This comes after concerns were raised that the country could be dragged into the militarisation of the Pacific, if PNG signed a security treaty with the US.
Lelang said the country had a foreign policy of “friends to all and enemies to none”.

“We need to stand firm on this foreign policy position,” he said.
“We should not be blinded by the dollar sign or be coerced into signing deals that may be detrimental to us in the long run.”

Lelang said it was a matter of national security, and that the Parliament must be informed of the details of the agreement, which should be debated prior to any signing. Meanwhile, Institute of National Affairs executive director Paul Barker said the cancellation of Biden’s visit “may not be a bad thing for Papua New Guinea”.
Barker said that Biden could still send a senior representative “but it was always going to be a bit of a rushed visit”.

“Preparing for a less-rushed visit by the President at a later date, but still before the next US election period rolls out, will enable him to have a more meaningful visit with wider local engagement, and with less apparent competition for time and space with the other senior leaders to PNG, notably the Indian Prime Minister Narendra Modi, and the leaders from this region, including Australia, New Zealand and other Pacific island states,” he said.

“Now is a time of major economic and geo-political changes, with major challenges, including climate change and other environmental and resource management issues, economic pressures, but also opportunities, which require cooperation.”

Barker said Pacific island nations including PNG needed investment, access to markets and job creation.

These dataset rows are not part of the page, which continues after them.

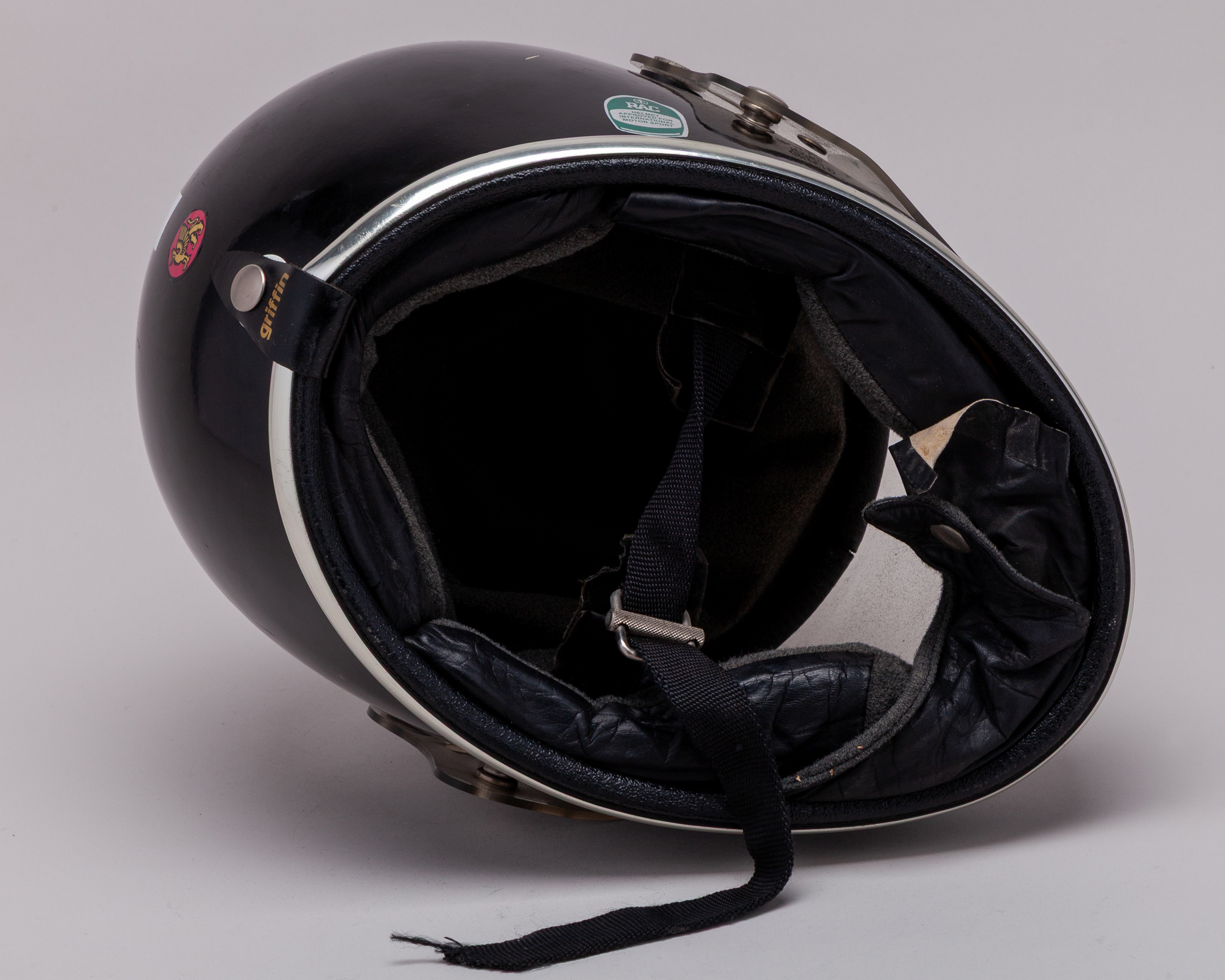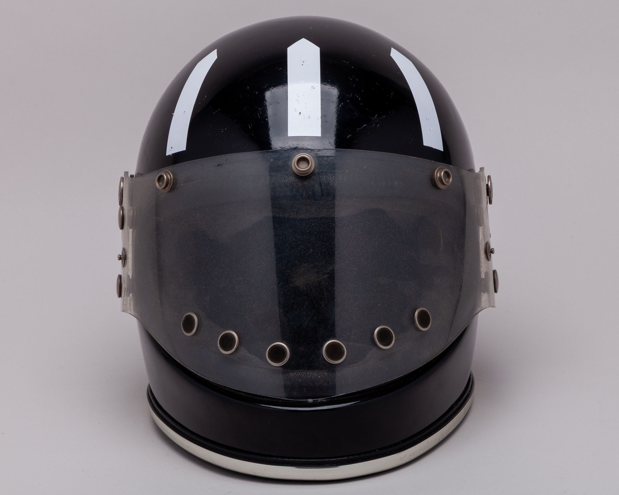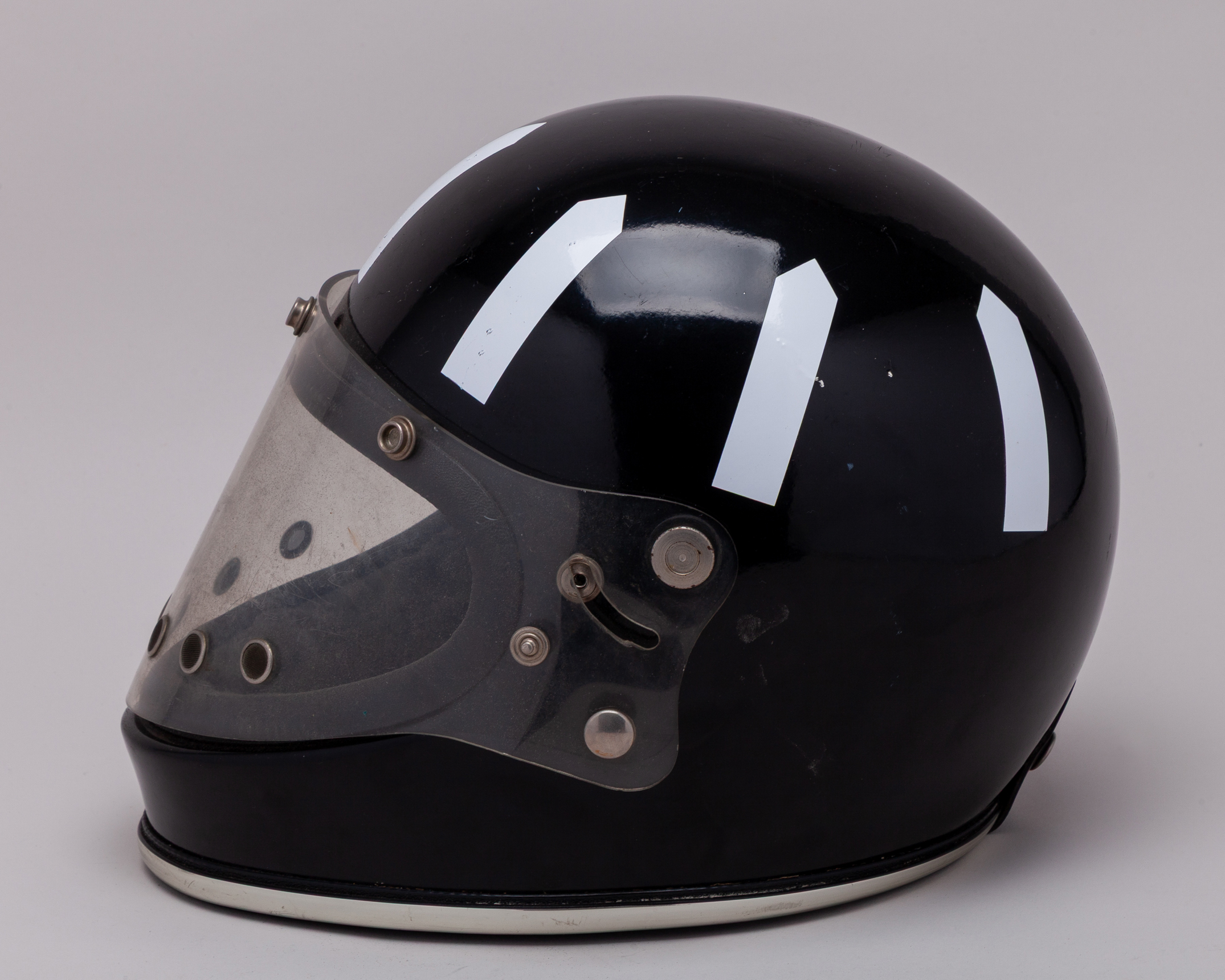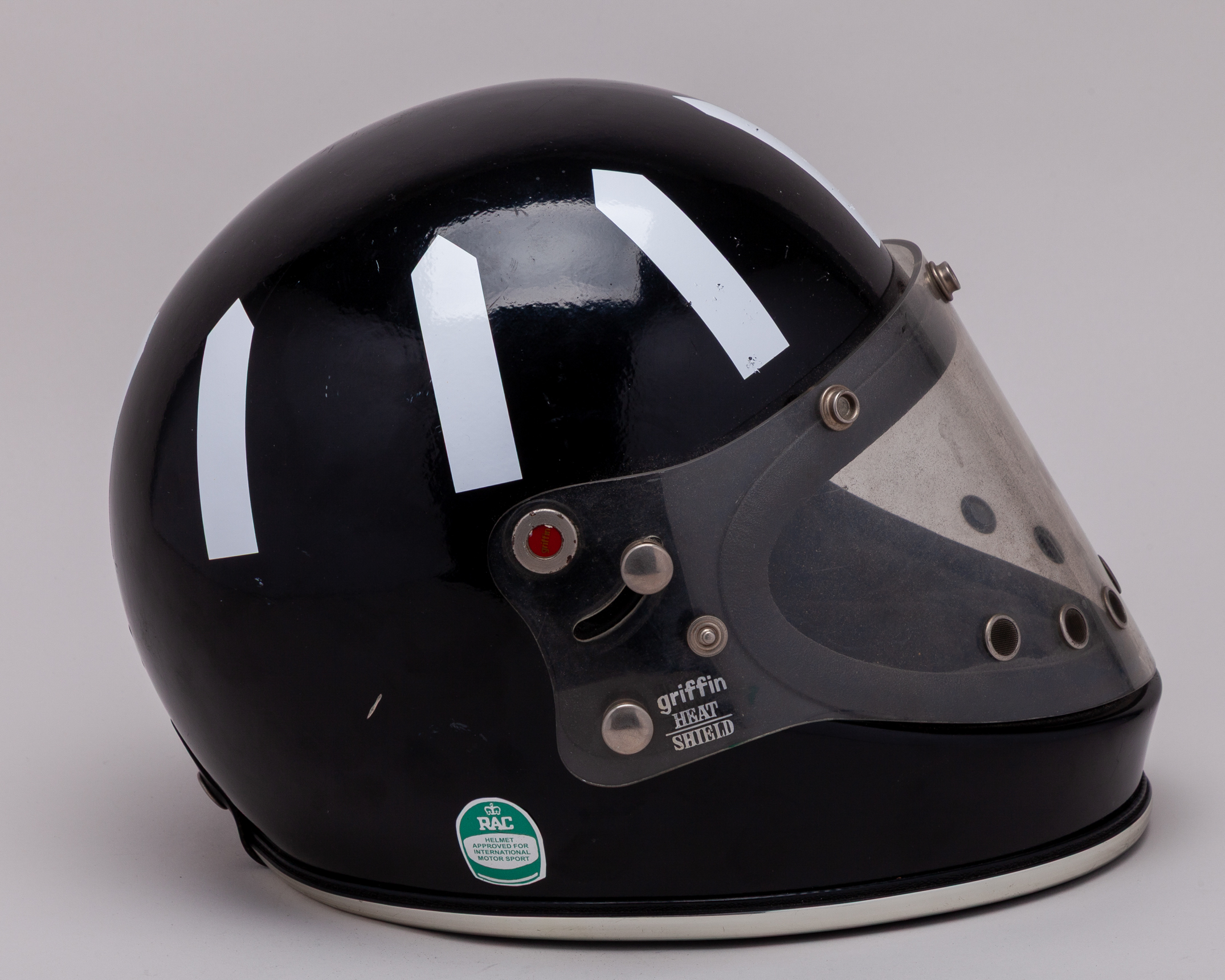 The helmet has a RAC sticker which reads: Helmet approved for international motor sport.
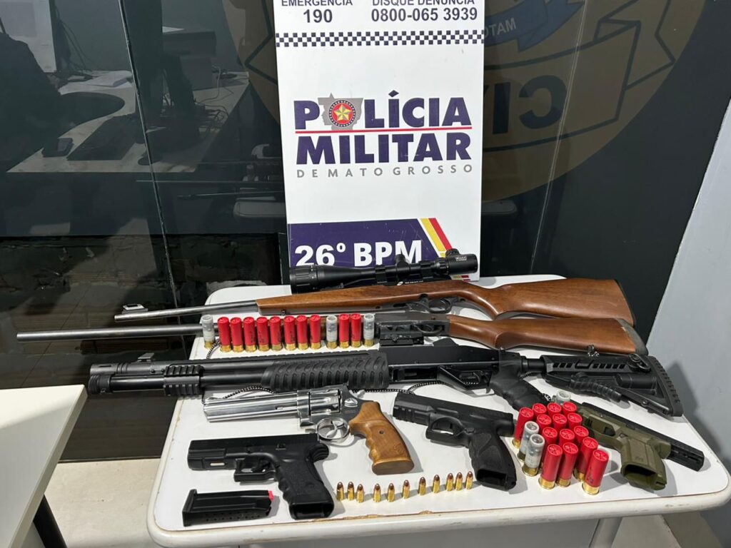 De forma voluntária, a vítima entregou aos policiais três armas longas, três pistolas (sendo uma do tipo airsoft), um revólver e uma mochila contendo diversas munições intactas, que estavam dentro da residência. Todo o material foi apreendido e encaminhado para as providências legais.
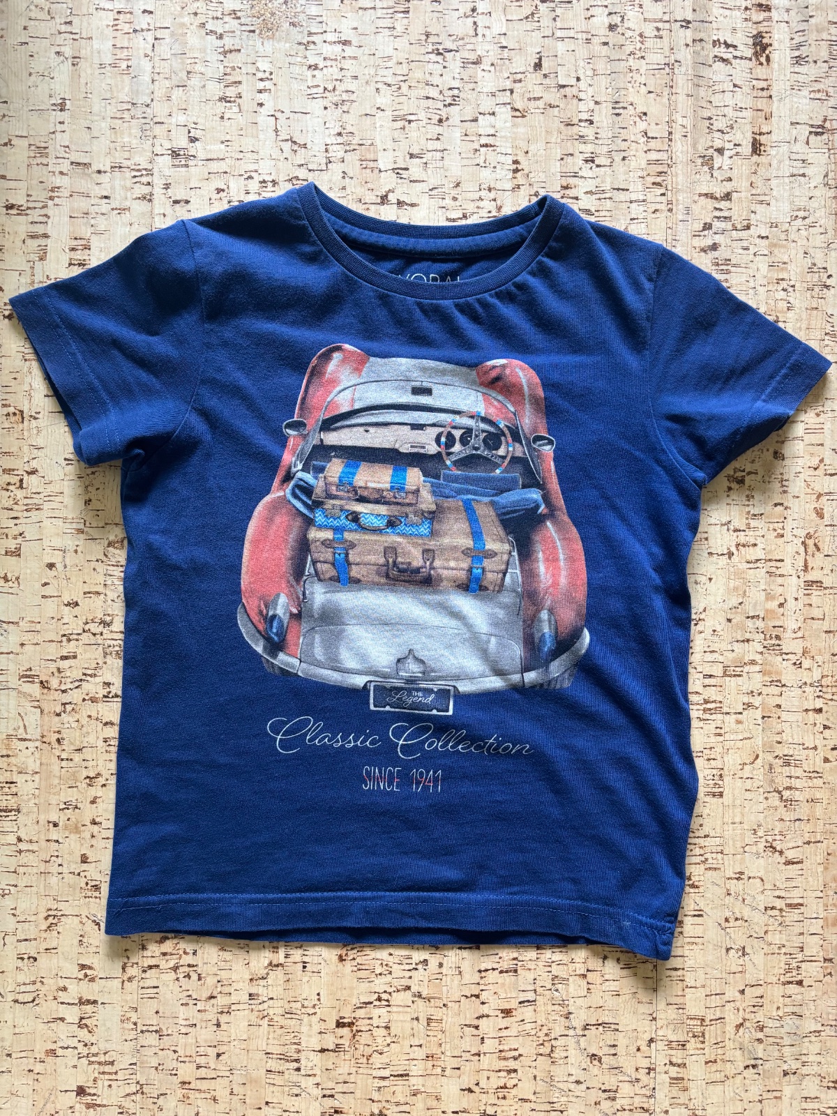 Veľmi pekný stav, akurát vzadu maličká dierka. Veľkosť píše 110, ale sedí skôr 104/110. Dĺžka tričká 41 cm.
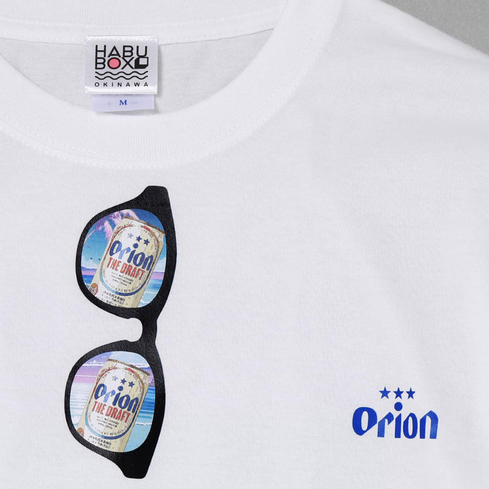 サングラスに映る缶ビールが、「オリオンビール越しに世界を見ている」ような遊び心を感じさせます。
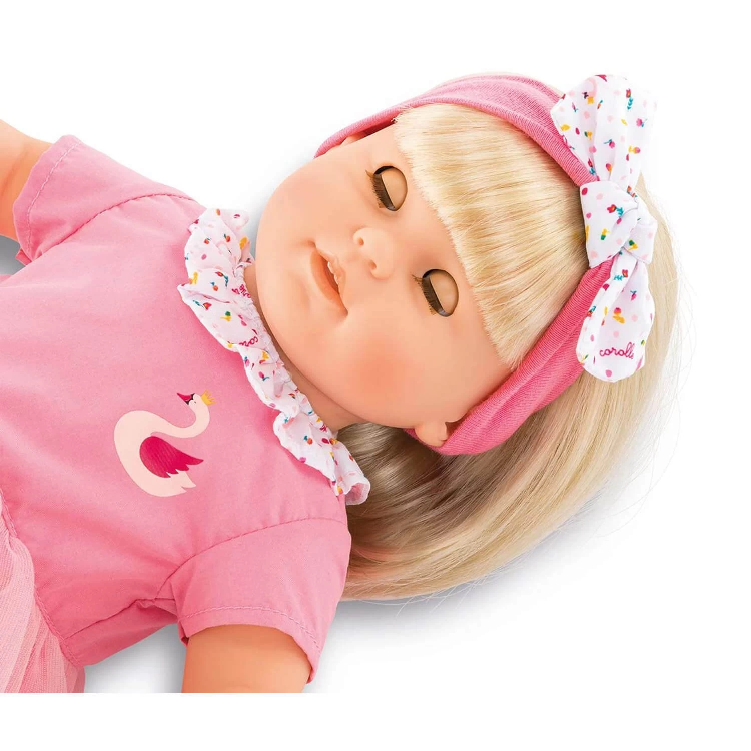 Son visage, ses bras et ses jambes, à la délicate senteur de vanille, sont en vinyle doux au toucher. Son corps est souple pour faciliter ses mouvements et elle tient assise. Avec ses yeux dormeurs, elle fait dodo quand on la couche sur le dos.

“They also must ensure sustainability and to safeguard their resources, and utilise them for the best opportunities for their own people and the future,” he said.
“The big development and trading partners need to be aware of local needs and concerns of the Pacific island nations, through local engagement, not just through politicians, but also civil society and business leaders, both men and women, and not have an unduly myopic perspective.”